- Gênero: Documentário
- Direção: Wolney Oliveira
- Roteiro: Margarita Hernandez, Wolney Oliveira
- Duração: 90 minutos
-
Veja online:
O principal valor de Lampião: Governador do Sertão, um dos filmes da sessão competitiva do É Tudo Verdade 2024, foi trazido pela isenção com que o diretor Wolney Oliveira (do potente Soldados da Borracha) imprime a sua narrativa. É fácil falar “não podia ser diferente”, mas a verdade é que uma biografia, seja ela inserida entre os campos da funcionalidade ou do documentário, é uma porta de entrada para um manancial de proposições esperadas no universo cinematográfico. O mais nocivo deles é a parcialidade, geralmente a favor do homenageado, que não ajuda ninguém, obra ou objeto. Chapada, uma produção não avança em nenhuma discussão; Oliveira passa bem longe de cometer algo parecido, e o trabalho de montagem impresso aqui é o motor dessa construção.

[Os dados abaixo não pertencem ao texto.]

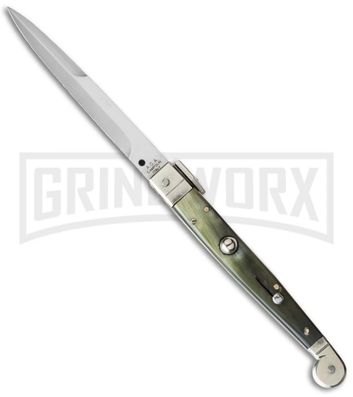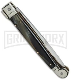 This A.G.A. Campolin Sicilian Pick Lock knife features a collectible, Italian made design. It has a stainless steel bayonet blade with a polished finish and is marked on the tang “A.G.A. CAMPOLIN ITALY”. The bolstered handle has brass liners, Brazilian horn scales, a sliding safety and pick lock release. This Sicilian automatic knife from A.G.A. Campolin will make an impressive addition to any collection!

Daniel Garcia e Mair Tavares (o segundo, um dos maiores do nosso cinema, no caminho para completar 80 anos) não apenas entregam um trabalho que define os rumos do filme, também devem ter se divertido tanto quanto o espectador em sua confecção. Através do material da pesquisa de Antonio Amaury Correia de Araújo e João de Sousa Lima, eles montam um painel muito particular a respeito de uma das figuras mais conhecidas e pesquisadas do país, que privilegia a intersecção entre verdade, mentira, fato e lenda. Aos poucos, nós conhecemos tanto sobre o protagonista quanto sobre o Nordeste brasileiro, suas particulares contradições dos anos 20 e 30, e como esse mesmo lugar ainda está espelhado em 2024. É mais uma obra que traduz bem a cinematografia e os interesses de Oliveira, um cronista do cruzar dos tempos, que parece sempre dialogar passado e presente para concluir que estamos sempre repetindo a História.

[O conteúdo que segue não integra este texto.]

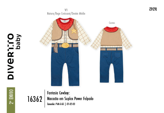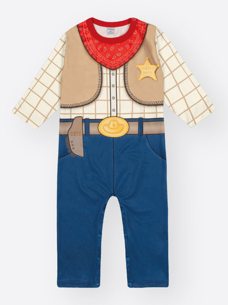 "Prepare o seu pequeno xerife para grandes aventuras com o nosso Macacão Fantasia de Cowboy, a peça ideal para unir o conforto de um pijama à diversão de se fantasiar. Este macacão longo infantil é confeccionado em tecido macio e leve, garantindo total liberdade de movimento para o bebê explorar o ""velho oeste"" da sala de casa ou brilhar em festinhas temáticas e ensaios fotográficos de mesversário. A estampa em sublimação total é rica em detalhes lúdicos, simulando com perfeição o traje de um autêntico cowboy: inclui o colete com a estrela de xerife, uma camisa xadrez clássica, lenço vermelho no pescoço e até o cinto com fivela de chapéu. É uma escolha encantadora para quem busca um look de personagem para bebê sem abrir mão da praticidade, já que a peça conta com abertura no ombro e entrepernas por botões de pressão, facilitando muito a hora da troca.

Não é a primeira vez que Oliveira se debruça sobre o cangaço, o delicioso Os Últimos Cangaceiros já tinha trazido um pouco desse universo para sua filmografia. Mas falar sobre Virgulino Ferreira, agora, é como ter feito um filme sobre Glória Menezes antes, e agora fazer um sobre Fernanda Montenegro. Durvinha também aparece aqui em Lampião: Governador do Sertão, entre muitos outros contemporâneos a eles, em relatos que montam um mosaico impossível de se imaginar completo, porque sempre teremos novas visões sobre o personagem. Na certeza de que seria impraticável completar o quadro, o cineasta mostra tantas possibilidades de cenários que, como ele mesmo diz, cada um abrace a versão que melhor lhe convir; provavelmente nenhuma delas está completamente errada.

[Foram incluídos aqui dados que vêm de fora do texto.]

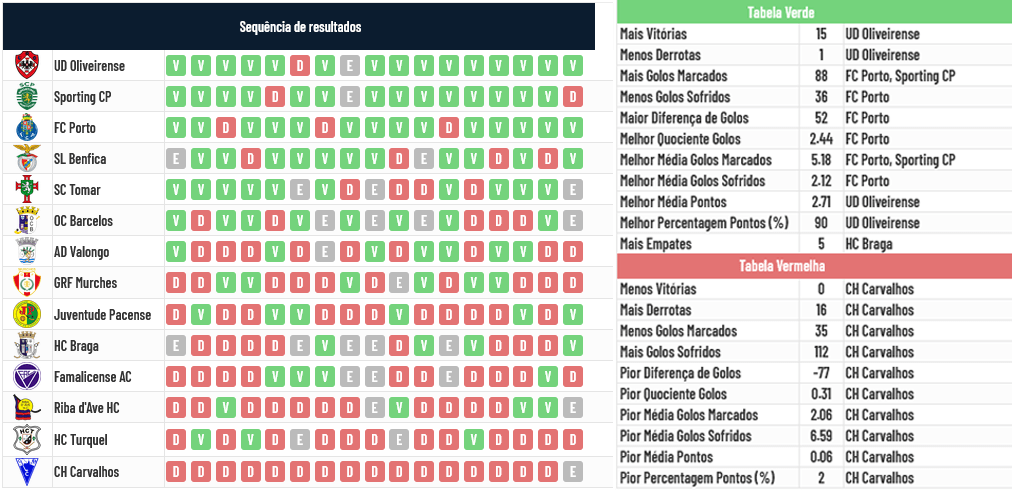Se o Murches-Benfica poderá ser determinante para a mudança de posição dos águias por troca com o Tomar se os nabantinos vencerem o Barcelos, o Oliveirense-Braga poderá permitir o aumentar de distância do 1º para o 2º classificados do campeonato. Mas poderá ser tudo ao contrário e se o Murches vencer o Benfica e o Valongo vencer no Parque das Tílias e o Barcelos perder em Tomar, então a luta pelos últimos lugares de posição de Playoff poderá aumentar e todas as equipas que se posicionam entre os 5º e 8º lugares da tabela classificativa começarão a fazer “contas” com base na suposição de quem vão defrontar na 1ª eliminatória daquela fase decisiva do campeonato. E estes não são os únicos cenários, obviamente. Por exemplo, se o Barcelos vencer em Tomar e o Benfica perde em Murches, então estas 3 equipas irão lutar pelo 4º lugar que dará vantagem na 1ª eliminatória do Playoff aquando da disputa do 3º jogo daquela fase.

As contradições que vão surgindo ao longo do caminho, na justaposição das opiniões que Oliveira conseguiu (e é sempre muito bom ouvir sua voz vazando para a imagem, cria uma cumplicidade com o espectador e com o entrevistado, ao mesmo tempo), criam um campo de cacofonia da informação que agrega ao material do filme o tanto de discussão que as redes sociais trouxeram. Hoje, todos são especialistas em alguma coisa, e defendem com veemência suas visões; em Lampião: Governador do Sertão isso está impresso através de pessoas que viveram naquele tempo, ou que estudaram o mesmo. Ainda que o filme tenha uma estrutura de ‘cabeças falantes’, essa brincadeira da montagem concede fôlego ao trabalho e acaba por enriquecer todas as vozes em cena.
Lampião: Governador do Sertão ainda sugere, como uma piscada de olho na direção da plateia, um olhar sobre a promiscuidade entre o Poder do Estado e o banditismo, em um reflexo que nunca deixou de existir. Os poderosos donos de propriedades e o Governo propriamente dito abraçaram e deixaram Lampião agir por cerca de 20 anos, com um grau de liberdade que não era concedido se não houvesse muitos interesses escondidos. Em compensação, quando passa a não interessar mais e incomodar com seus excessos – inclusive deixando o ego falar mais alto – os mesmos que não o coibiram quando era preciso, correram atrás de pedir sua cabeça quando a conveniência pediu, literalmente.
Alguns excessos na duração, aqui e ali, não tiram o brilho de uma ideia muito feliz para contar a história sobre um homem que nunca foi unânime, mas que também sempre se manteve entre os dois lados da moeda. Com a inteligência de não abraçar lado algum, Lampião: Governador do Sertão ainda promove uma informal aula de História sobre uma figura que não simboliza um lado apenas, mas uma espécie de perfil coletivo do brasileiro. Sempre fomos atrelados ao ‘jogo de cintura’ como sendo uma forma de sobreviver, sem optar por algo definitivo. Lampião, heroi para uns e vilão para outros, não cessa de explicitar o quanto dele ainda está em nós.